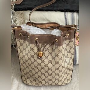 GORGEOUS GUCCI MONOGRAM BUCKET DRAWSTRING BAG✨Beautiful Vintage condition✨Gold-tone hardware✨Clean exterior✨Interior just has rubs on the leather per condition age✨Leather strap is separating in areas(see pictures) they can be glued or easily fixed a the Cobbler by new buyer✨Always 💯Authentic
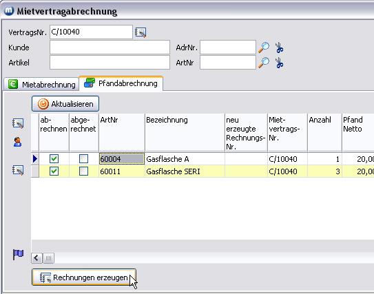 Markieren Sie die Positionen, für die Pfand abgerechnet werden soll mit dem Setzen von Häkchen in der Spalte abrechnen und klicken Sie dann auf den Button Rechnungen erzeugen.
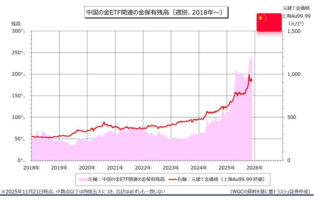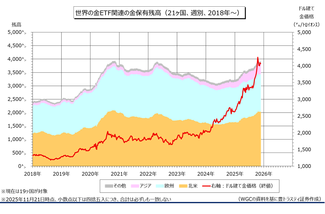 産金業界団体ワールド・ゴールド・カウンシル(WGC)のデータによると、11月21日時点で世界の金ETF(上場投資信託)関連(21ヶ国、現在は19ヶ国)の金保有残高は前週末比3.30トン増加の3906.20トンと、3週連続で増加しております。
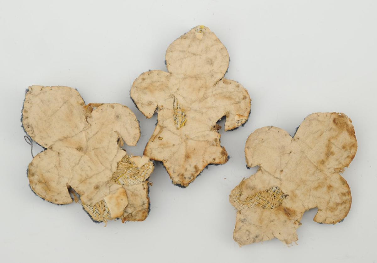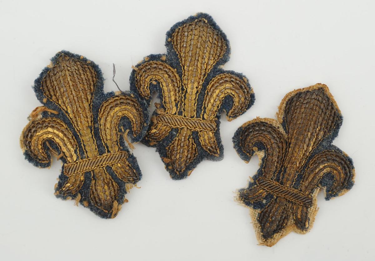 Three fleur-de-lis embroidered in gold thread and bullion on dark blue cloth.
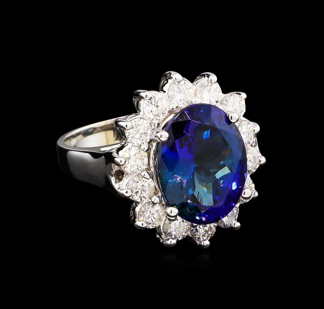 One electronically tested 14KT white gold lady's cast fashion ring with a basket halo with a bright polish finish. The featured lady's ring has a shank measuring 3.20 millimeters wide. Identified with markings of "14K". Condition is new, good workmanship. Containing: One prong set oval modified brilliant cut natural tanzanite, measuring 12.72 x 9.90 x 6.71mm, approximate weight of 5.98ct., clarity is eye clean, type I, dark, strong, violetish blue color, (GIA vB 7/5), cut is very good. Transmitting light with no distortion, transparent. Colored gemstones are presumed to have been subjected to commonly used enhancement processes. Graded in the setting. Fourteen prong set round brilliant cut diamonds, measuring 2.90 - 2.80 x 1.74mm (depth est.) approximate total weight of 14 Stones = 1.20ct. Graded in the setting. Clarity: SI-1 to I-1. Color: H - I. Cut Good. Total Weight of Colored Stones 5.98ct. Total Weight of Diamonds 1.20ct. Total Weight of Ring 8.30gm. GAS Appraised at $14,125.00.
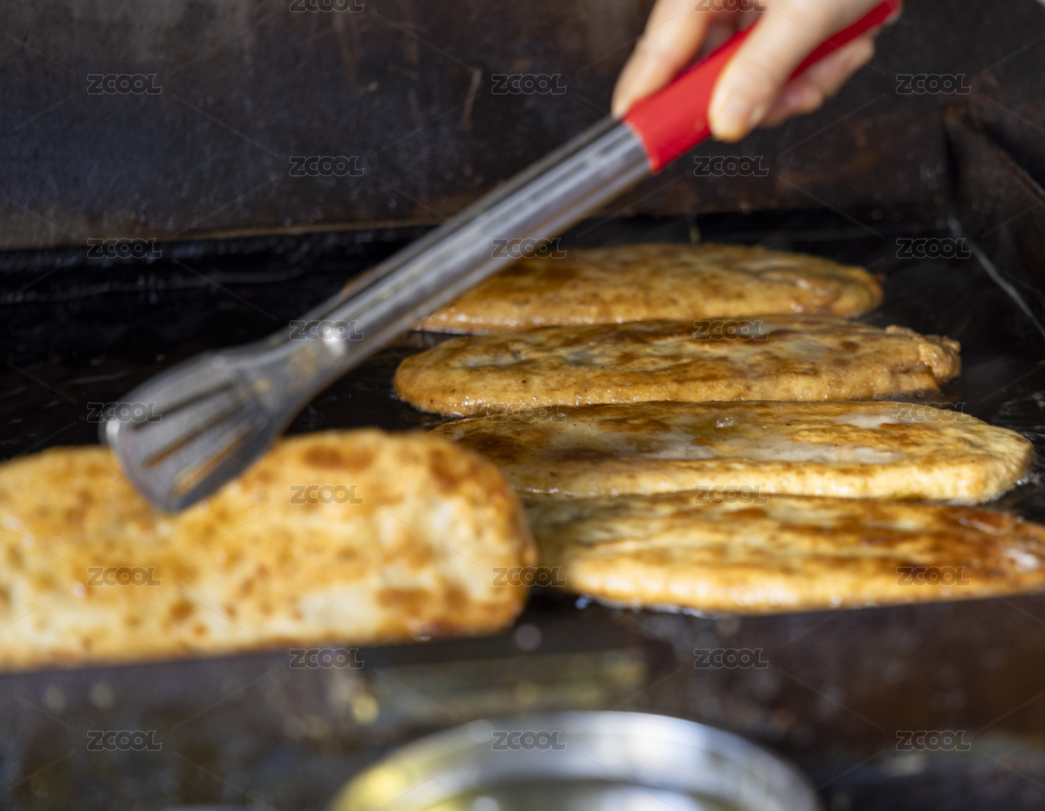 中国四川成都彭州军屯锅盔小吃店制作锅魁
....
[Work instruction]: Print from the line containing "産金業界団体ワールド・ゴール" through the line containing "Three fleur-de-lis embroidered" in the data above, exactly as the lines stand, and omit every picture.

[Reply to the task]:
 産金業界団体ワールド・ゴールド・カウンシル(WGC)のデータによると、11月21日時点で世界の金ETF(上場投資信託)関連(21ヶ国、現在は19ヶ国)の金保有残高は前週末比3.30トン増加の3906.20トンと、3週連続で増加しております。
 Three fleur-de-lis embroidered in gold thread and bullion on dark blue cloth.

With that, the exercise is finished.